You can have fields which correspond to each of the element names in your documents. If you index all of the terms which occur within each field, via a custom Document generator and a custom stream/file parser for your XML documents, you could use the A:foo B:foo C:foo syntax in queries using the default query parser. Come to think of it, given appropriate field naming, I think you can use the A/B:foo A/B/C:foo syntax, too: just add fields named "A/B", "A/B/C", etc. (BTW, using the "A:B:C:foo" syntax is just asking for trouble, unless you want to write your own query parser, since the ':' character is used to separate field names from query terms).
For example, the document parser could return a list of element type names to the document generator, and a concatenation of the text nodes occurring within each element type (you'd have to think about multiple occurrences of element types in a single document, of course). Your document generator class would then just add a tokenized field (I'm assuming you want tokenization here) for each element type name (or XPath-ish expression) and give the flattened representation for it as the value parameter to the Field constructor.

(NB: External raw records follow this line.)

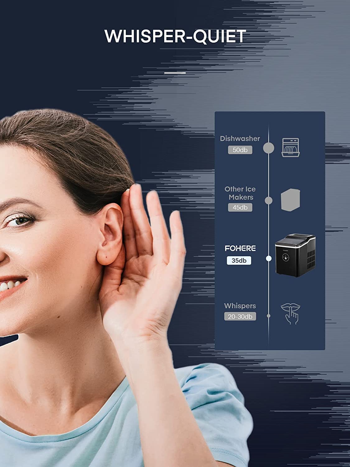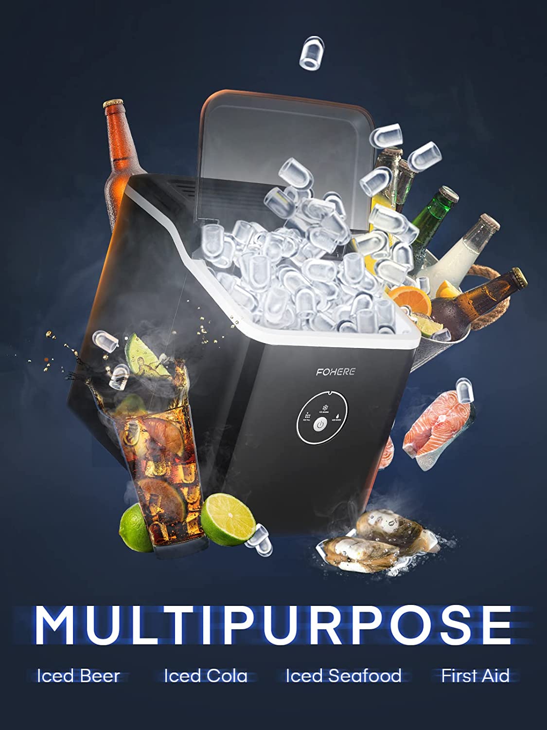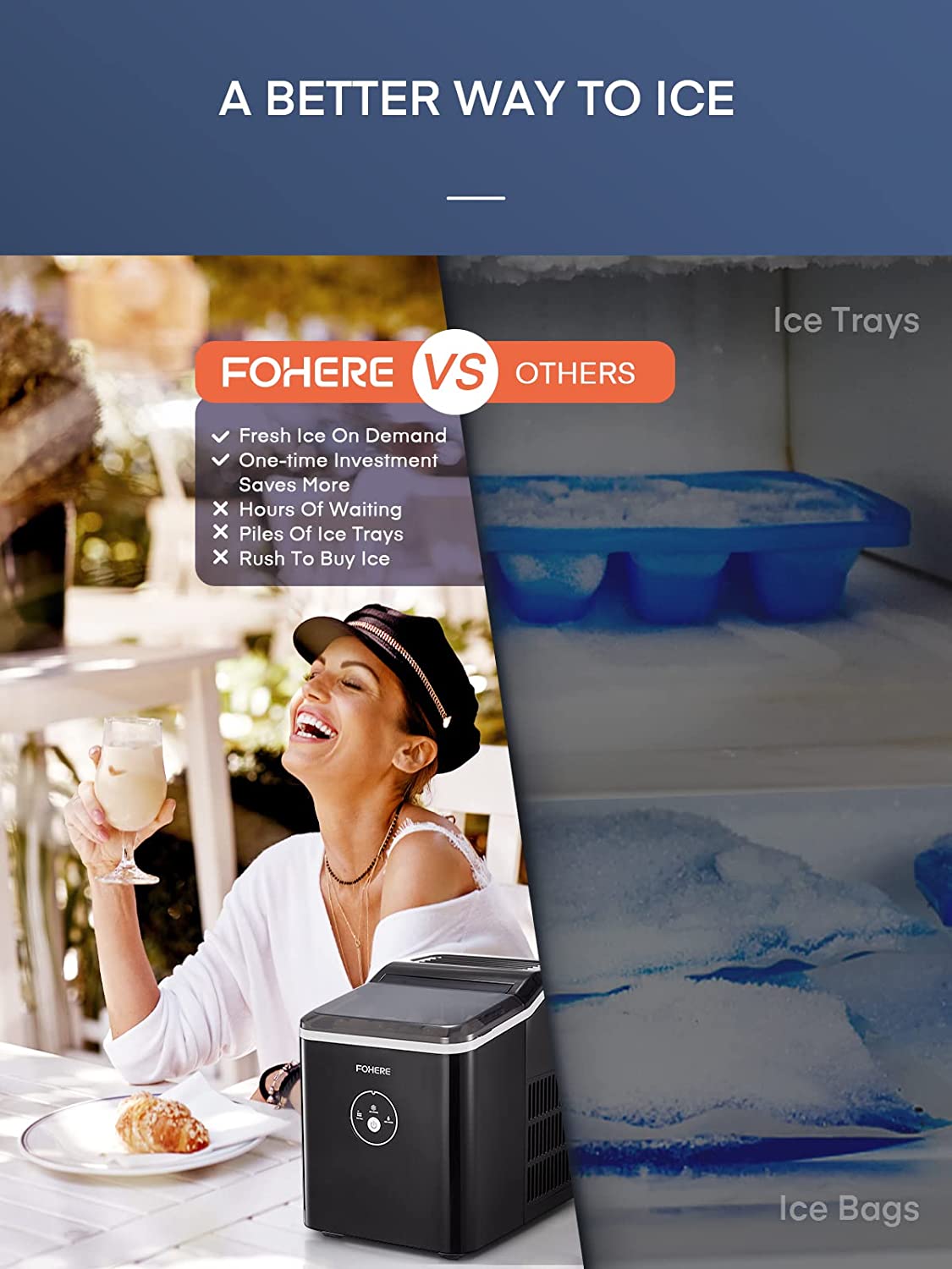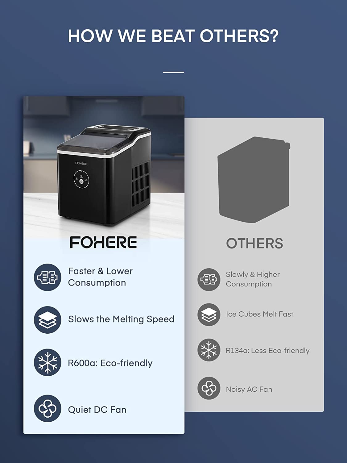 - Lower Consumption - FOHERE ice maker makes 28 lbs of ice per day and costs 3.6 kWh. Choose FOHERE ice maker to keep energy costs and the carbon footprint of your home as low as possible.
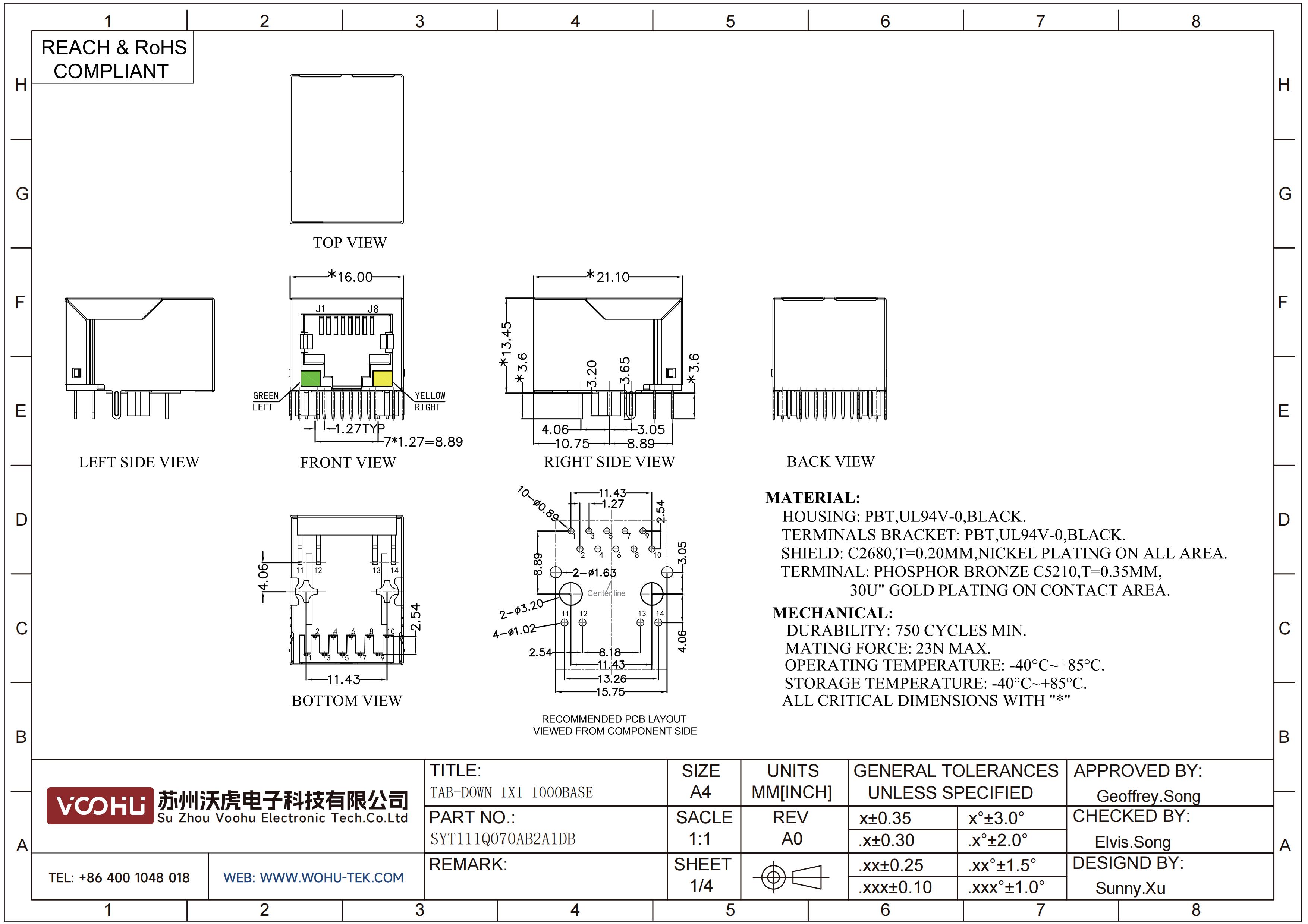 SYTRU231188AB1WDB1162 90° side insertion 1*1 Tab UP Y/G DIP RJ45+USB
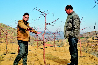 与村集体签订下110亩山地承包合同后,刘坤的“绿色银行”正式开户。修山路,拉电网,挖水塘,铺设1000多米的地下果树供水管道……完善了基础配套,刘坤又马不停蹄地考察苗木市场、联系苗木货源,并找到乳山果树站曹洪建站长,向其拜师学技。

To use your XML document example, your Document generator would pass the document to your parser, which could report a series of fields (I'll use the XPath-ish syntax here): "A", containing "foo", "A/B", containing "foo", and "A/B/C", containing "foo". (It might make more sense in actual practice to reverse the reporting order from the parser, but you get the idea.)
Hope this helps,
Steve Rowe
Harry Foxwell wrote:
in an xml document, say <A> <B> <C>foo</C> </B> </A>Lucene syntax allows me to search for term 'C:foo' Is there a way to specify query for 'foo' in one of the parents of C? Something like B:foo, B:C:foo, B/C:foo, or something like that idea (but of course these don't work).